Dorothee louessard

La rue n’a pas d’âge

Publié dans Billets d'humeur, Reportages by dorotheelouessard sur février 18th, 2008

Zéro degré à Paris, un samedi après-midi de février. Malgré le froid, le quartier de l’Opéra et ses grands magasins est bondé de monde. Les gens arpentent les trottoirs des paquets pleins les mains. Ils se bousculent, mais sont beaucoup trop pressés d’entrer dans le prochain magasin pour s’excuser.

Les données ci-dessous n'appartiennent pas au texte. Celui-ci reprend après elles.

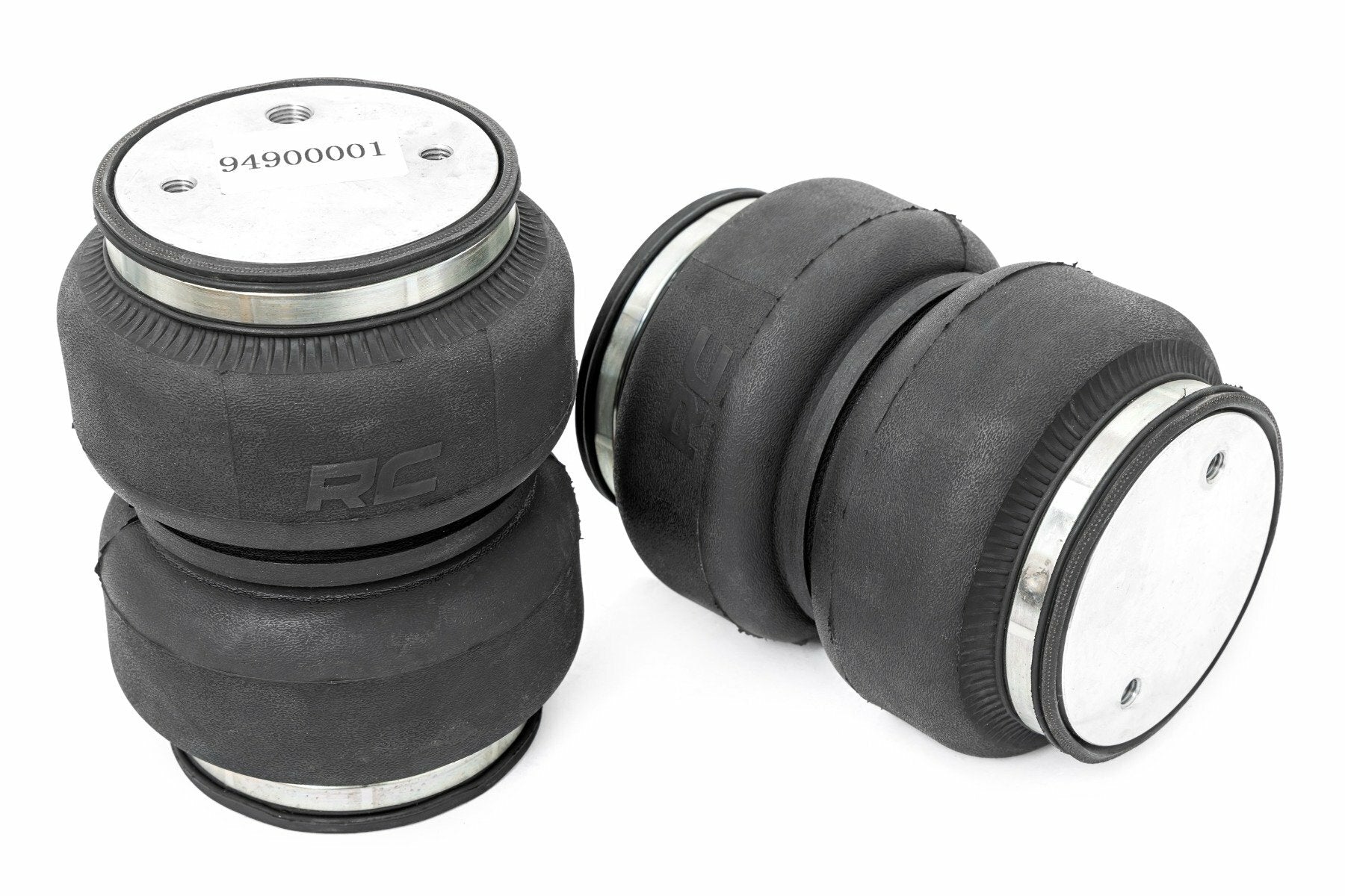 Ideal Leveling. Is your truck your workhorse? The main attraction to the pick-up line is the accessibility to haul and tow as desired. However, due to the amount of weight in the bed, or the condition of the vehicle's rear leaf springs, this can cause the vehicle to be un-level when under load. Here at Rough Country, we created an innovative new product to ensure that these are troubles of the past. Introducing, Rough Country's Rear Air Spring Kit. Heavy-duty Construction. Rough Country's Rear Air Spring Kit features two RC branded high-quality double convoluted airbags complemented with DOT-approved airlines. Whether you plan on towing or hauling in the not-so-distant future Rough Country's Air Spring kit is the must-have accessory to ensure that your trailer is level reducing the weight off of the tongue of your trailer. Each kit offers 1/4" push connector fittings and all of the bracketry needed to ensure installation is lightning fast and secure! Rough Country's Air Spring kit provides up to 5,000 lbs. of load support to ensure that you experience less sway and bottoming out when braking and steering!

Parmi la foule, une petite mamie toute frêle qui doit frôler les quatre-vingt printemps. Elle est là, abritée sous le pas d’une porte d’immeuble, un gobelet à la main. « Une petite pièce s’il vous plaît, une petite pièce ! » demande t’elle d’une voix timide. Un frisson vous traverse alors tout le corps. Qu’est-ce qu’elle fait là, toute seule, à mendier ? Elle devrait être avec sa famille ou dans une maison de retraite.

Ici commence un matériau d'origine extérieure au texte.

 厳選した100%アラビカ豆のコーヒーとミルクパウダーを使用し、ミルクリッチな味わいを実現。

Malheureusement, peu de gens semblent touchés par cette pauvre grand-mère. L’habitude de croiser l’insalubrité à tous les coins de rue nous a sans doute appris à fermer les yeux. Mais, pour ceux qui osent encore regarder la misère en face, en croisant cette vieille dame, une pensée nous traverse l’esprit : « cette grand-mère pourrait bien être la notre! » Enfin, pas tout à fait car la notre nous la chérissons et ne la laisserons jamais tomber !

Pourtant, cette vieille dame a certainement eu des enfants un jour, qui en ont eu à leur tour…Alors comment a-t-elle pu en arriver là ? Comment se fait il que des gens qui ont travaillé toute leur vie, ne profitent pas de leur dernières années à l’abri du froid et du besoin, au lieu de les passer à quémander quelques pièces et à dormir sur un coin de trottoir ? Voir une mamie finir ses jours ainsi ça vous arrache le cœur. Aujourd’hui, les personnes âgées représentent 2 % des sans-logis. Ce n’est certes pas énorme, mais c’est déjà beaucoup trop. Sur les 86 000 sans domicile fixe que compte la France (selon une enquête de l’Insee de 2001), les plus touchés restent les hommes seuls et sans emploi, suivis de près par les femmes divorcées. Les jeunes de 16-25 ans font également leur entrée dans la course à la précarité, (à noter d’ailleurs que 22% d’entre eux sont de jeunes diplômés). Désormais, nul n’est à l’abri de la rue .

Il n’y a pas d’âge pour vivre dehors, c’est quelque chose d’inacceptable pour tout le monde. Mais lorsque l’on croise un SDF de 18 ans, on se dit qu’il ne fait pas son entrée dans la vie par la plus belle des portes. Il n’a encore rien commencé qu’il a déjà tout perdu. Pour les personnes âgées, en plus de leur vulnérabilité physique, il y a qu’après tant années passées sur cette terre, elles doivent avoir le cœur bien lourd de se voir finir ainsi seule et démunie.